→ REQUIRED WORK
Please return each of the entries exactly, minus their pictures.
### RECORDED DATA ###
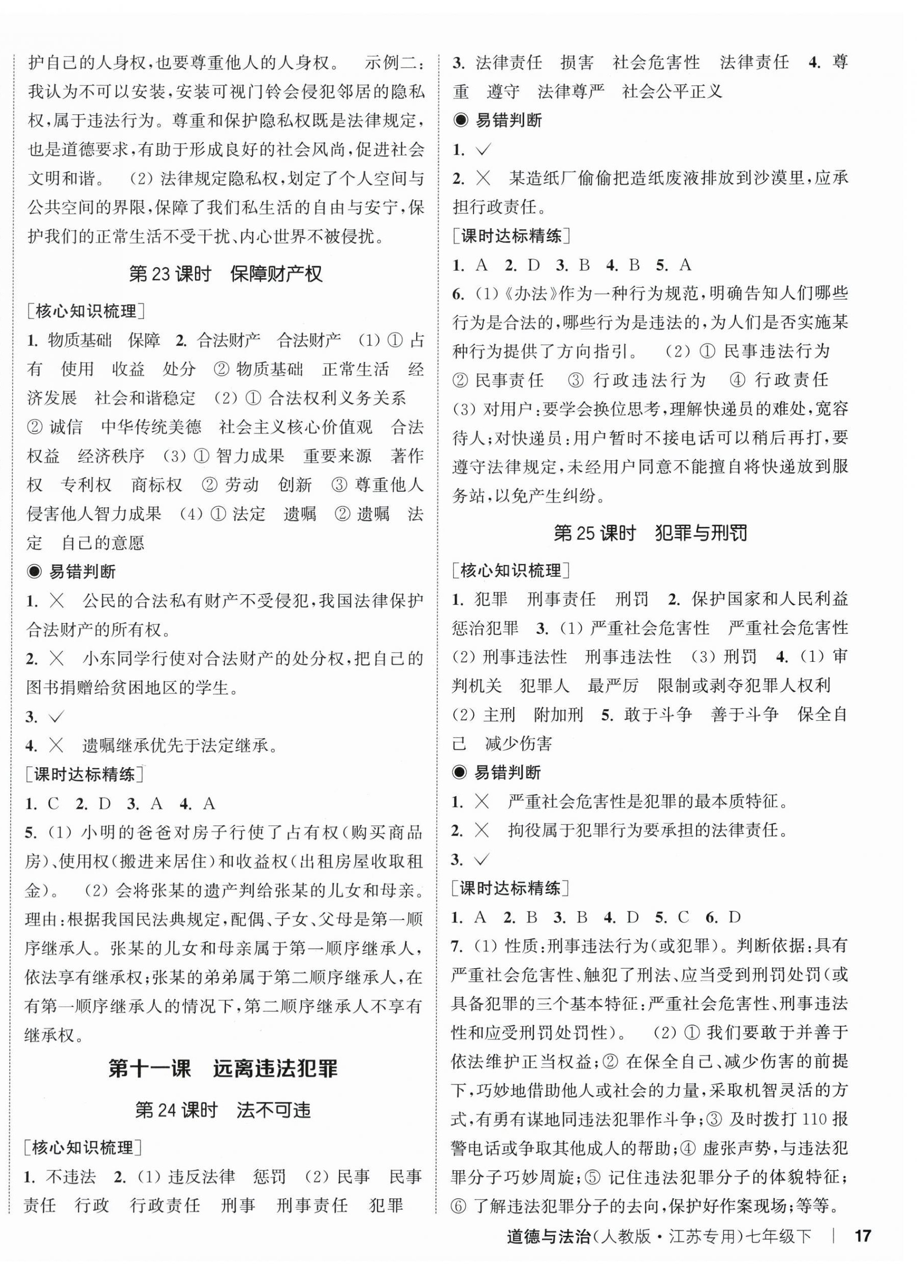 2026年通城学典课时作业本七年级道德与法治下册人教版江苏专版第10页
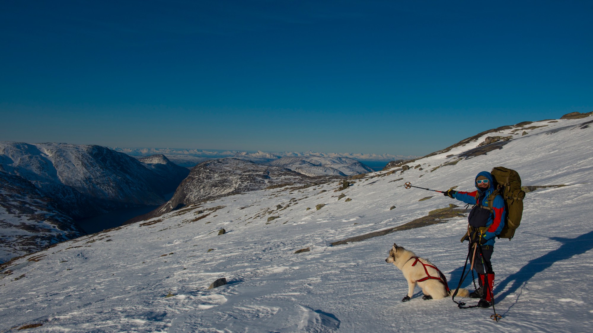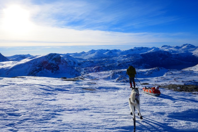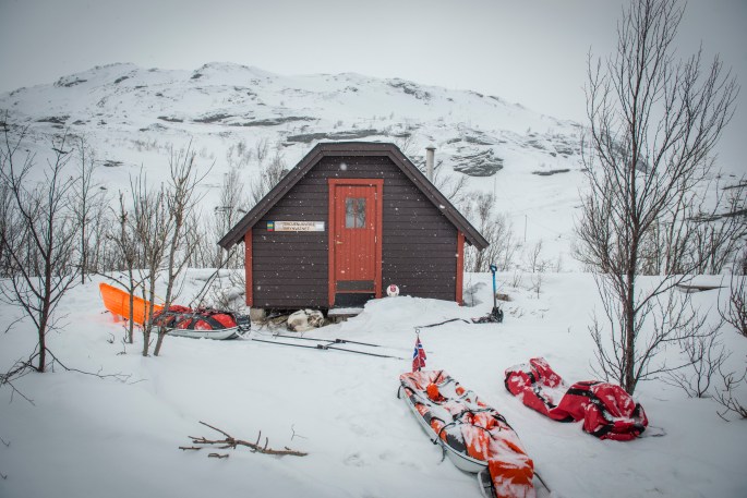 We have now arrived at a place called Sørfjorden. This is 2/3 through this hard leg of our journey and we have arranged to have a resupply of food here. As luck would have it, a Norwegian power Company (Nordkraft) is building a windmill park here, and they were more than happy to help us transporting our supplies to this remote place. Not only that, today we can celebrate being 1 year on our trip! So, we also kindly asked the people from the power company to buy some fresh food and extra snacks for us to celebrate this occasion. At this place there is also a small and cosy hut where we will stay a few days before continuing.
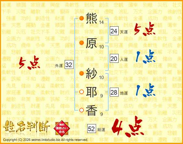 熊(14画)原(10画) 紗(10画)耶(9画)香(9画)
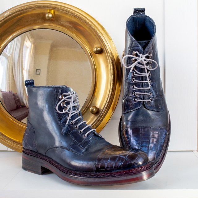 Paul Parkman Genuine Crocodile & Calfskin Captoe Boots Navy. Visit http://www.paulparkman.com and see more men’s leather boots.
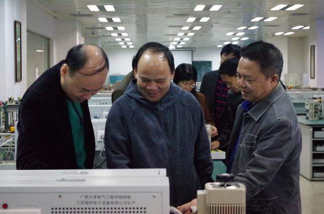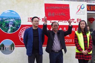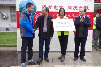 各位校友在学院正门前与老师们交流、合影,并自由参观了校园、校史馆以及校友馆。随后,众校友前往综合体育馆参加迎校90周年庆祝大会,之后于学院正门前进行校友捐赠仪式。自动化专业97级苏德新校友、电力系统及其自动化96级校友、计算机应用专业89级校友、计算机及其应用专业92级校友、广西柳州特种变压器有限公司总经理、广西柳电电气股份有限公司总经理分别上台捐赠。学院党委书记梁京章老师与院长双丰老师上台接受捐赠。此外,由学院党委书记梁京章老师与院长双丰老师分别同两位企业代表人共同完成了两间冠名实验室——“柳特变”电工技能实验室和“柳电电气”电气接线实验室的揭牌仪式。
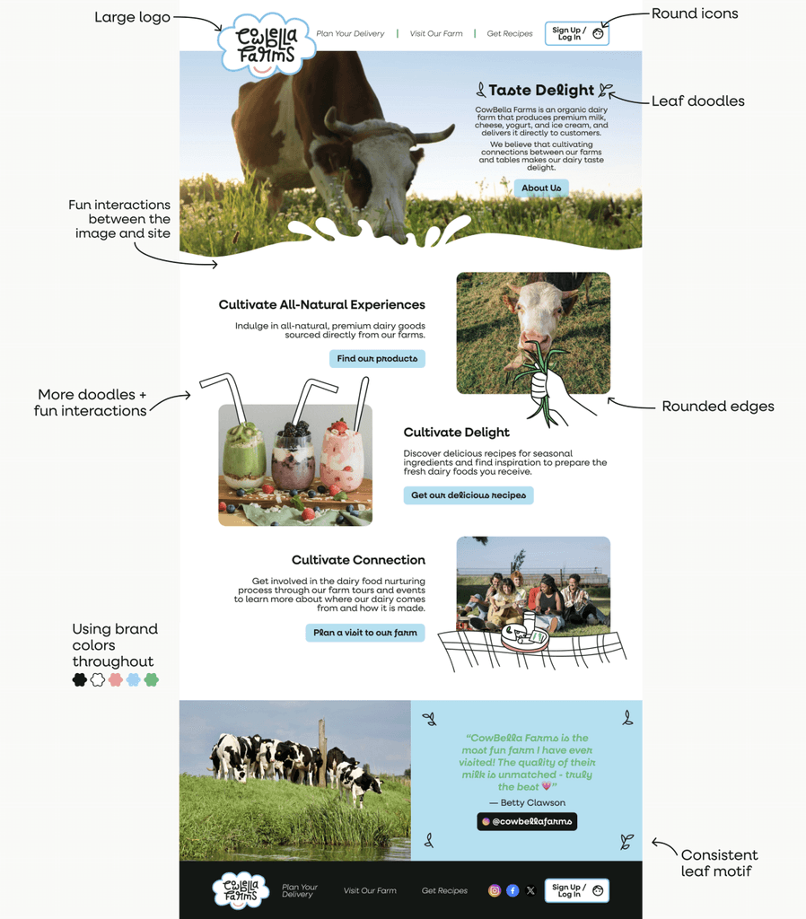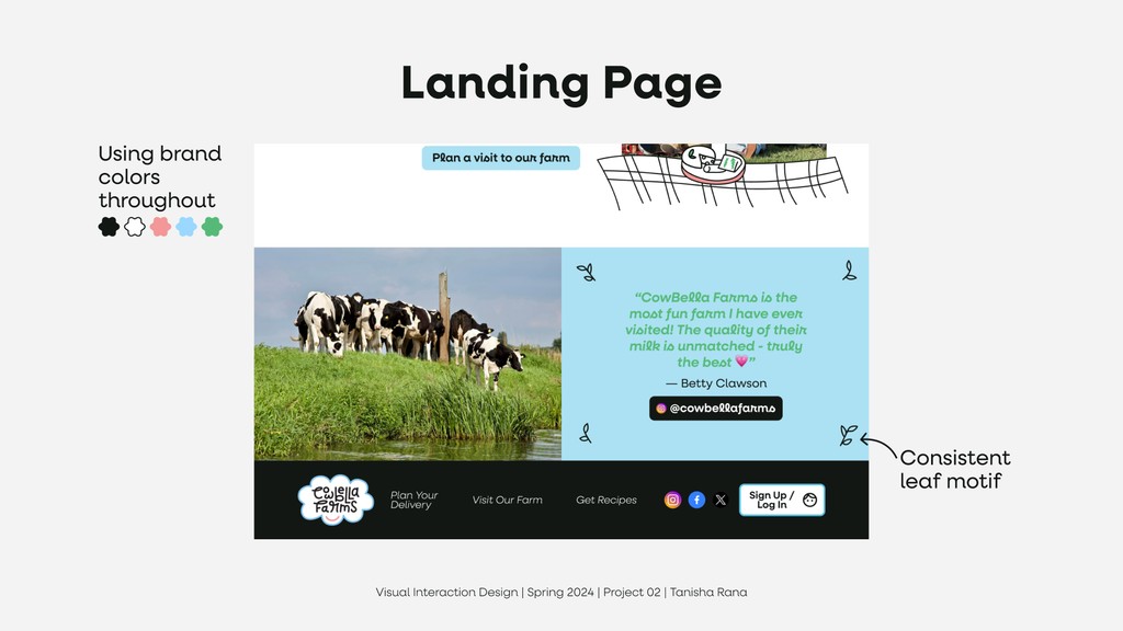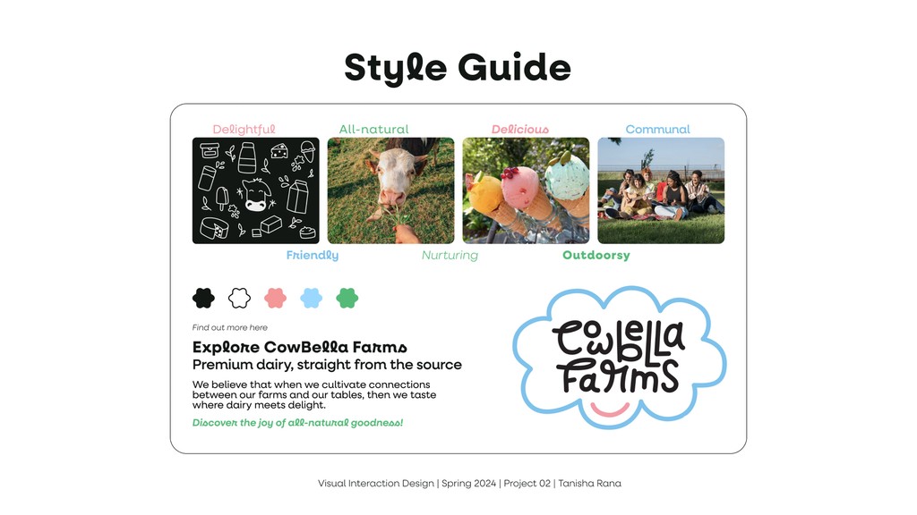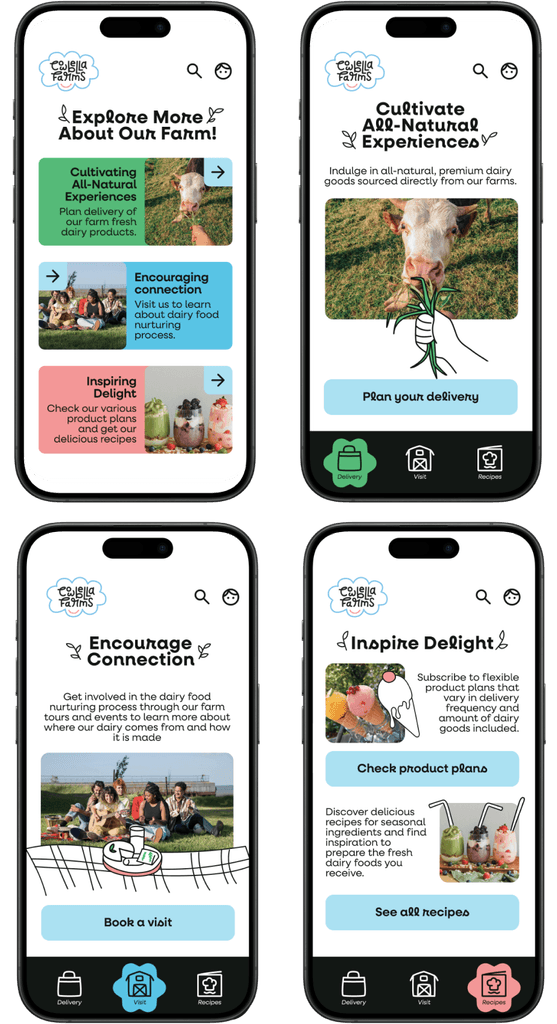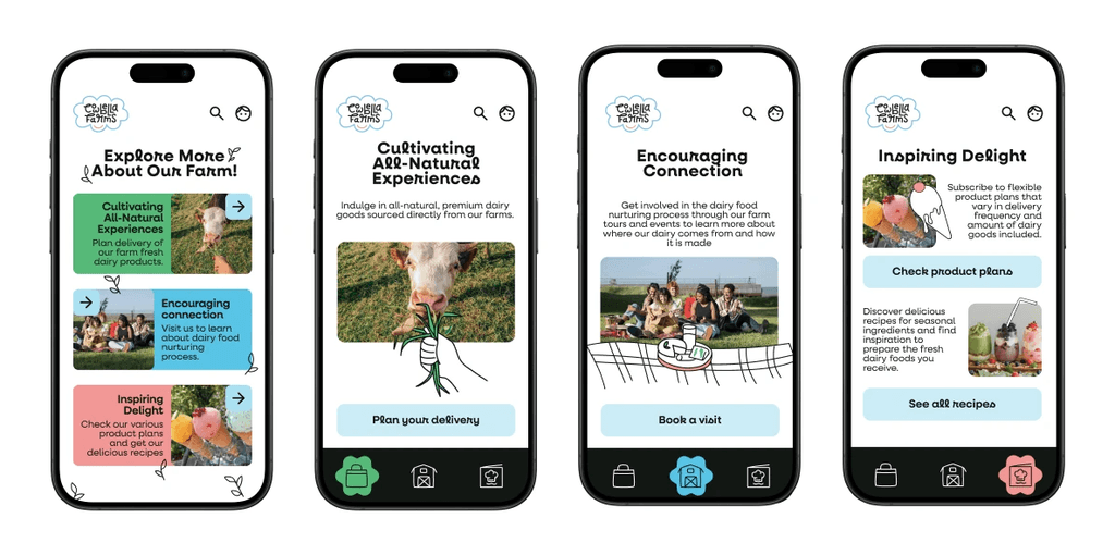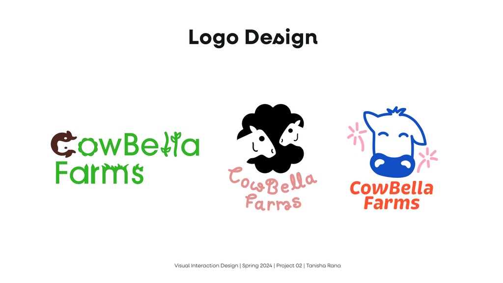 To design a new visual design system, including a logo, typography, color palette, and UI elements, that reflects CowBella Farms’ ethos of being all-natural, communal, and delightful. The goal was to ensure the brand identity resonates across various online & print channels, such as posters, mobile screens, and a website landing page.
###
→ TASK ANSWER
 2026年通城学典课时作业本七年级道德与法治下册人教版江苏专版第10页
 We have now arrived at a place called Sørfjorden. This is 2/3 through this hard leg of our journey and we have arranged to have a resupply of food here. As luck would have it, a Norwegian power Company (Nordkraft) is building a windmill park here, and they were more than happy to help us transporting our supplies to this remote place. Not only that, today we can celebrate being 1 year on our trip! So, we also kindly asked the people from the power company to buy some fresh food and extra snacks for us to celebrate this occasion. At this place there is also a small and cosy hut where we will stay a few days before continuing.
 熊(14画)原(10画) 紗(10画)耶(9画)香(9画)
 Paul Parkman Genuine Crocodile & Calfskin Captoe Boots Navy. Visit http://www.paulparkman.com and see more men’s leather boots.
 各位校友在学院正门前与老师们交流、合影,并自由参观了校园、校史馆以及校友馆。随后,众校友前往综合体育馆参加迎校90周年庆祝大会,之后于学院正门前进行校友捐赠仪式。自动化专业97级苏德新校友、电力系统及其自动化96级校友、计算机应用专业89级校友、计算机及其应用专业92级校友、广西柳州特种变压器有限公司总经理、广西柳电电气股份有限公司总经理分别上台捐赠。学院党委书记梁京章老师与院长双丰老师上台接受捐赠。此外,由学院党委书记梁京章老师与院长双丰老师分别同两位企业代表人共同完成了两间冠名实验室——“柳特变”电工技能实验室和“柳电电气”电气接线实验室的揭牌仪式。
 To design a new visual design system, including a logo, typography, color palette, and UI elements, that reflects CowBella Farms’ ethos of being all-natural, communal, and delightful. The goal was to ensure the brand identity resonates across various online & print channels, such as posters, mobile screens, and a website landing page.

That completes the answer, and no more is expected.